- Directed by: Russ Forster
- Produced by: Russ Forster
- Starring: Malcolm Riviera Abigail Lavine Tim Hunter Phil X. Milstein Doug Von Hoppe Duane Thamm Jr.
- Cinematography: Dan Sutherland
- Edited by: Russ Forster
- Music by: Lary 7, Wally Pleasant, Bob Jordan, Mr. Bucks, Duane Thamm Jr.
- Release date: 1995;
- Running time: 92 mins
- Country: United States

= So Wrong They're Right =

So Wrong They're Right is a 1995 film by Russ Forster. It is about the latter day 8-track scene, the people who are part of it and their passion for the technology.

==Background==
Film makers Russ Forster and Dan Sutherland travelled to various places in the United States to interview aficionados of what is considered to be an obsolete audio format, the 8-Track tape cartridge.

The 8-TM production was Produced, directed, edited, sound-recorded by Russ Forster. Dan Sutherland handled the lighting chores while the sound chores were handled by Jerrell Frederick.

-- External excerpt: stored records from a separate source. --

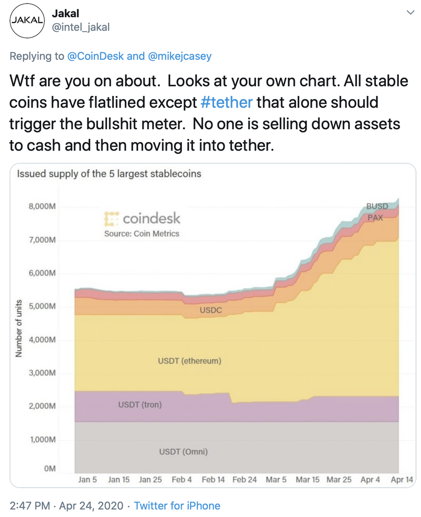 Однако под эту версию не получится подогнать многие факты. Так, например, пользователь Twitter Jakal (@intel_jakal) в этой связи обращает внимание на сравнительный график эмиссий стейблкоинов. В частности, его интересует, почему показатели всех остальных монет, за исключением Tether, остаются во флэте.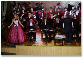 ![Концерт студентського оркестру народної музики „Ватра” у дитячій музичній школі № 35 м. Києва]()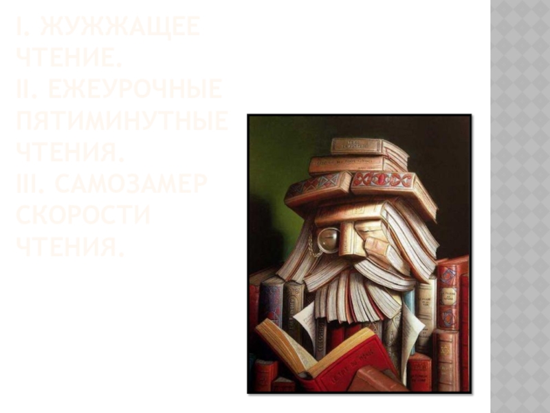 Слайд 2I. Жужжащее чтение. II. Ежеурочные пятиминутные чтения. III. Самозамер скорости чтения.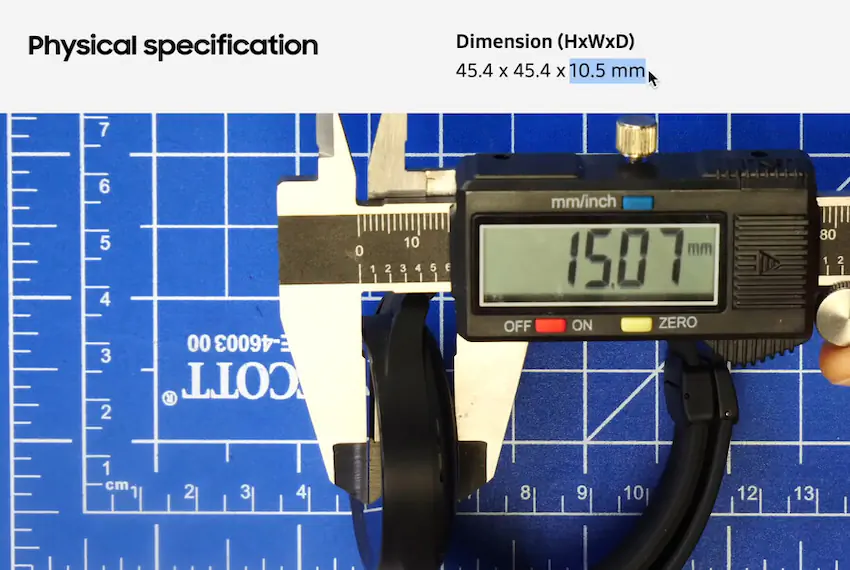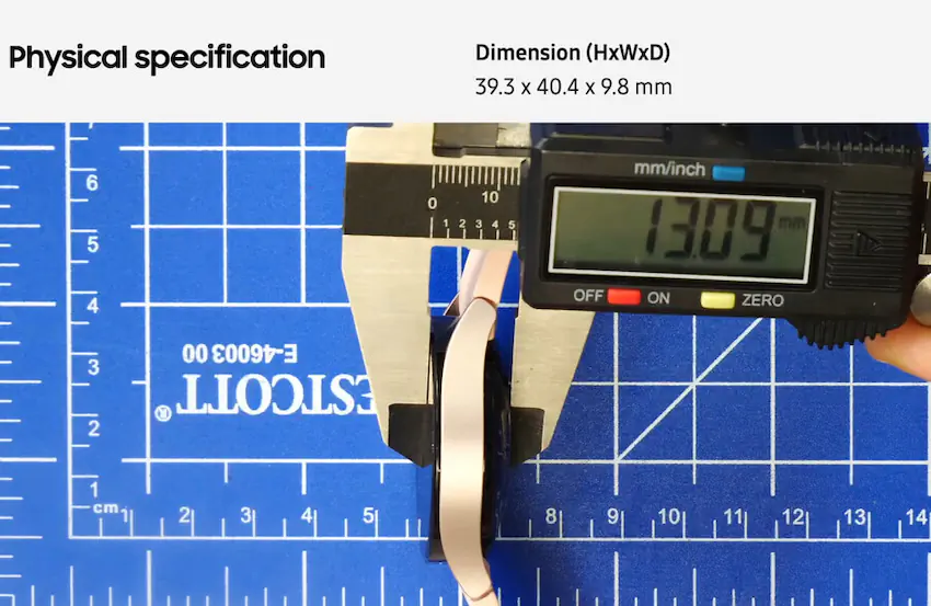 삼성이 시계 전체의 두께가 아니라, 측면 메탈과 스피커 부분까지의 두께만을 표기한 것을 발견했음.

The film won an award for best feature-length documentary at the 1995 Chicago Underground Film Festival.

The film was available in both Betamax and VHS formats for $25 and in PAL format for foreign buyers at $35. It was released on DVD in 2005 by Other Cinema.

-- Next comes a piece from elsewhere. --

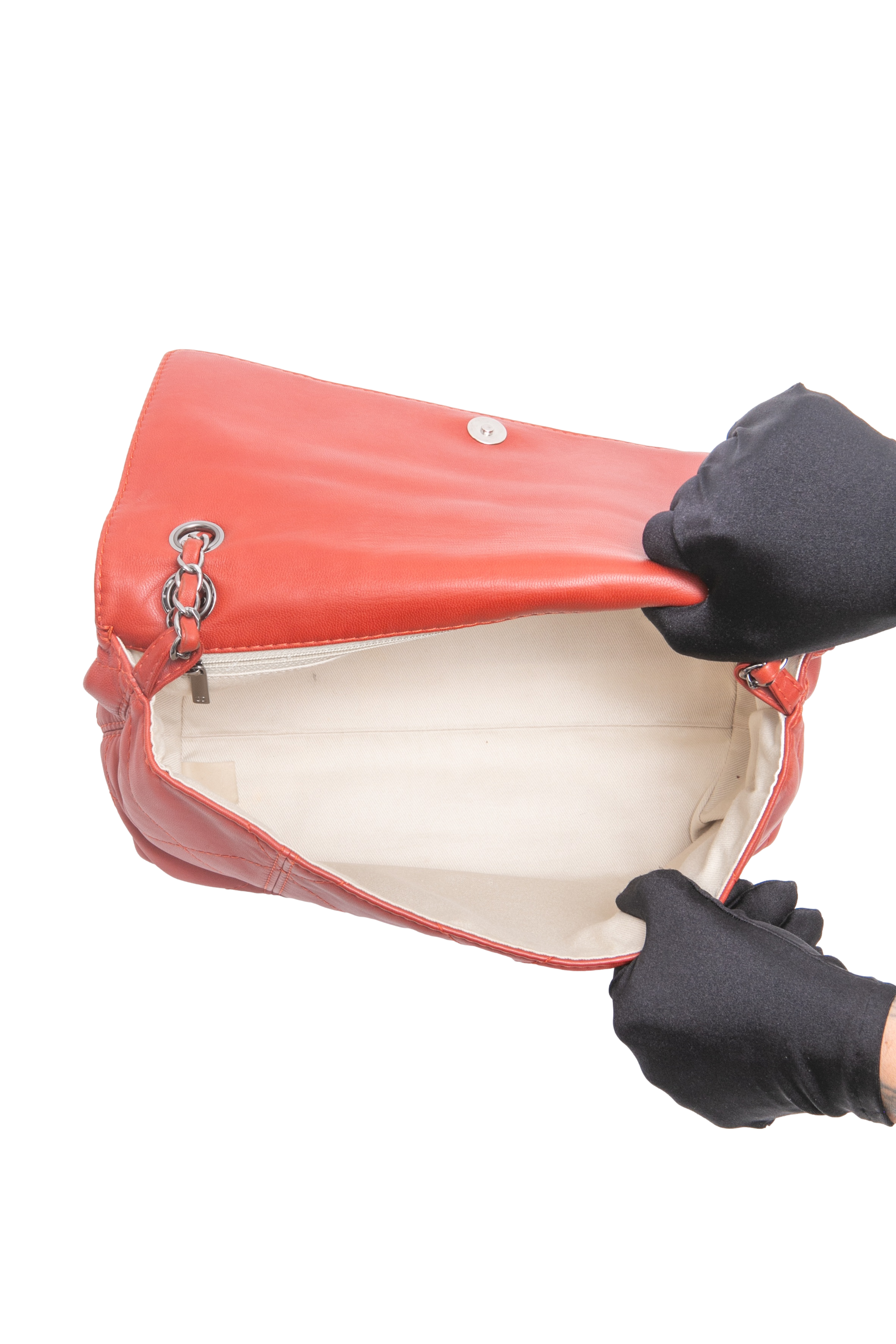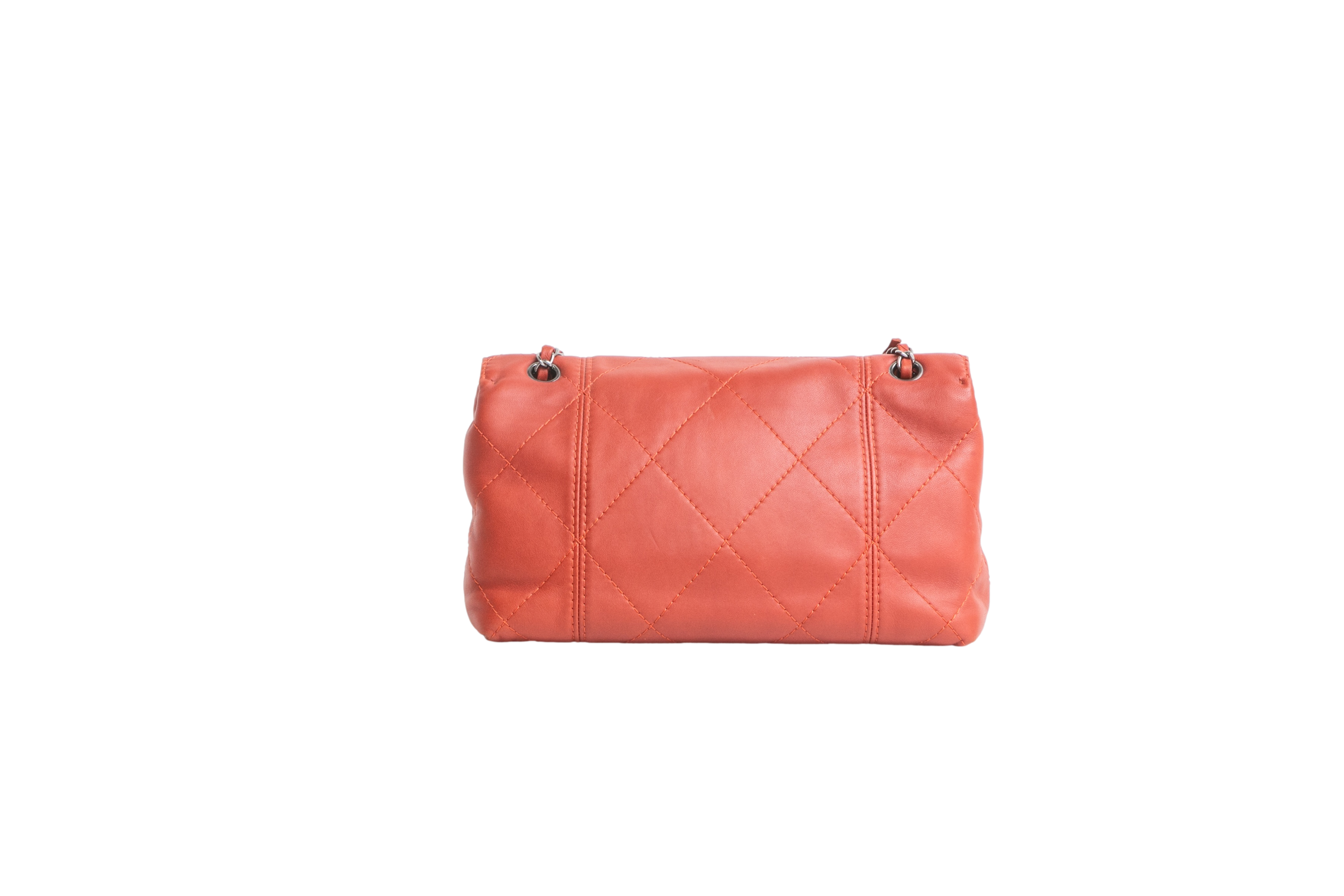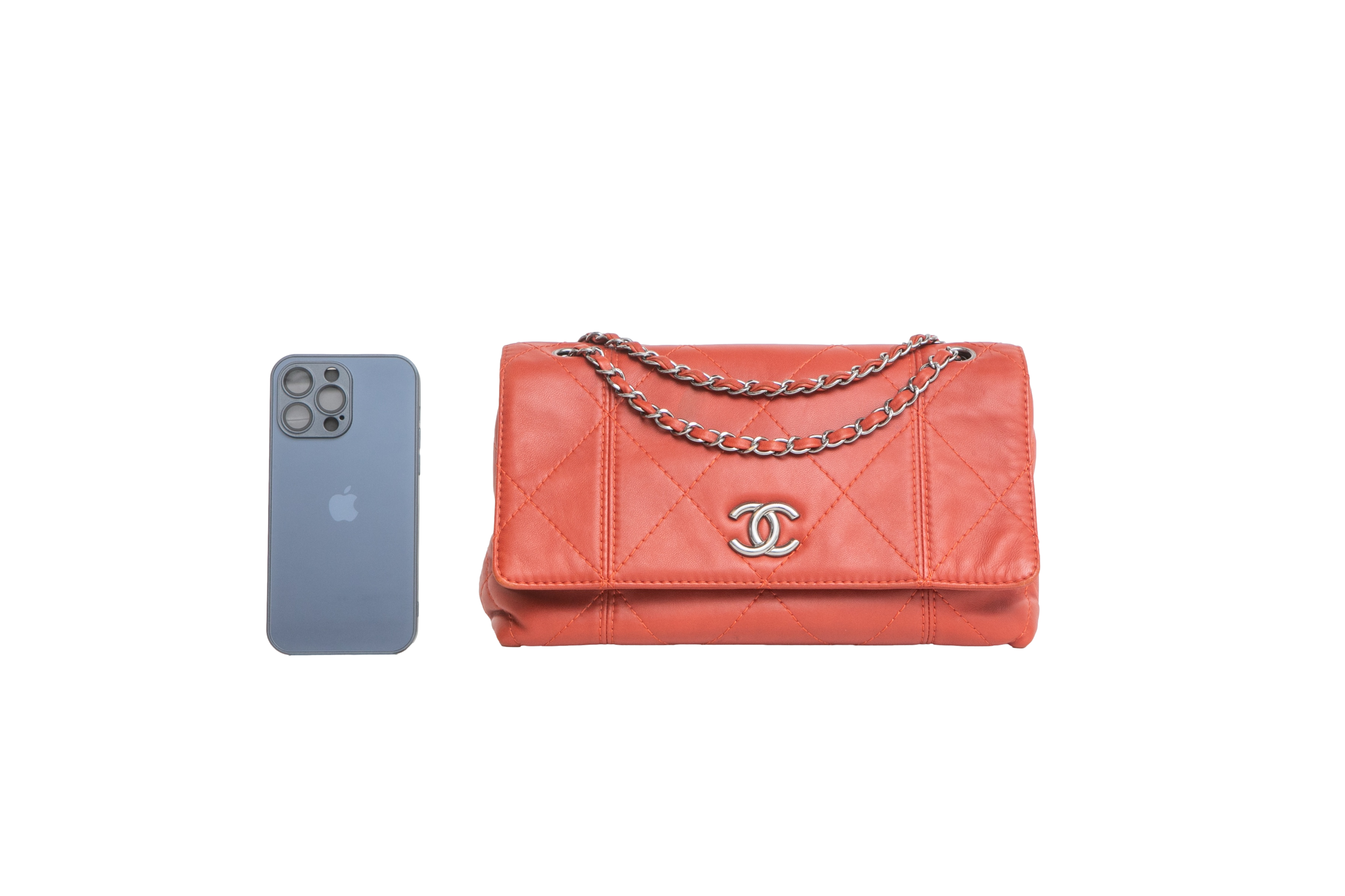 O couro liso e a textura aveludada da tonalidade ocre escura conferem um ar quente e atemporal à peça, tornando-a versátil tanto para o dia quanto para ocasiões noturnas. A aba frontal com fecho CC em imã prateado é um ícone da marca, trazendo elegância imediata ao visual. Seu interior espaçoso, aliado à alça de corrente com entrelaçamento em couro, proporciona praticidade e charme em igual medida. Uma peça statement que traduz o luxo discreto e o refinamento característicos da Chanel.

Russ Forster was the founder of the magazine, 8-Track Mind as well as one of the founders of the 8-Track Heaven website.

==Reception==
Dennis Harvey of Variety reviewed the film and it was published on 12 August 1996. After pointing out that the film was about audiophiles who were obsessed with a defunct format, he wrote that it was edited in a lively style, but he suggested that it could be edited down to accommodate its showing in other venues.

The film had a review in volume II of Zines!. The reviewer wrote that it wasn't about nostalgia, but it rather served as a statement of outrage by consumers who were tired of being told what to consume.

The film was reviewed by PopMatters in 2005. Reviewer David Sanjek wrote that director Forster demonstrated the exuberance of a true believer and the film proved to be more entertaining than edifying. He also wrote that the subjects in the film possessed an exuberance that was giddy and parts of the film were outright engaging.

In 2007, Gary Genosko of Culture Machine wrote that the film "may be viewed as a psychoanalytic case study of a neurotic 'cartridge family'".

It was reviewed by 5Mag in 2014, with the reviewer writing, "This film is a treasure, one of the strangest, most bizarre, most fascinating music documentaries ever made".

The film now on DVD was reviewed in XLR8R magazine. It wasn't complementary.

==Credits==
===Cast (selective)===
- Malcolm Riviera
- Abigail Lavine
- Tim Hunter
- Phil X. Milstein
- Doug Von Hoppe
- Duane Thamm Jr.

===Crew===
- Producer, Director, Sound Recordist, Editor: Russ Forster
- Cinematography, Lighting: Dan Sutherland
- Sound Mix: Jerrell Frederick
- Soundtrack Music: Lary 7, Wally Pleasant, Bob Jordan, Mr. Bucks, Duane Thamm Jr., Scott Konzelmann

==Screenings==
According to Underdog magazine, issue XIII (autumn 1995), the showings for the film were 9 September at Artists' Television Access, 992 Valencia, San Francisco, CA; 12 September at Paris Theatre, Portland, OR (tentative); 19 September, 8 and 10 pm at Edison Gallery of Moving Images, 916 Commercial Dr, Sep. 19: Vancouver, BC; 21 September at Cuppernicus, Minneapolis, MN (tentative); and 24 September at Delilah's, Chicago, IL.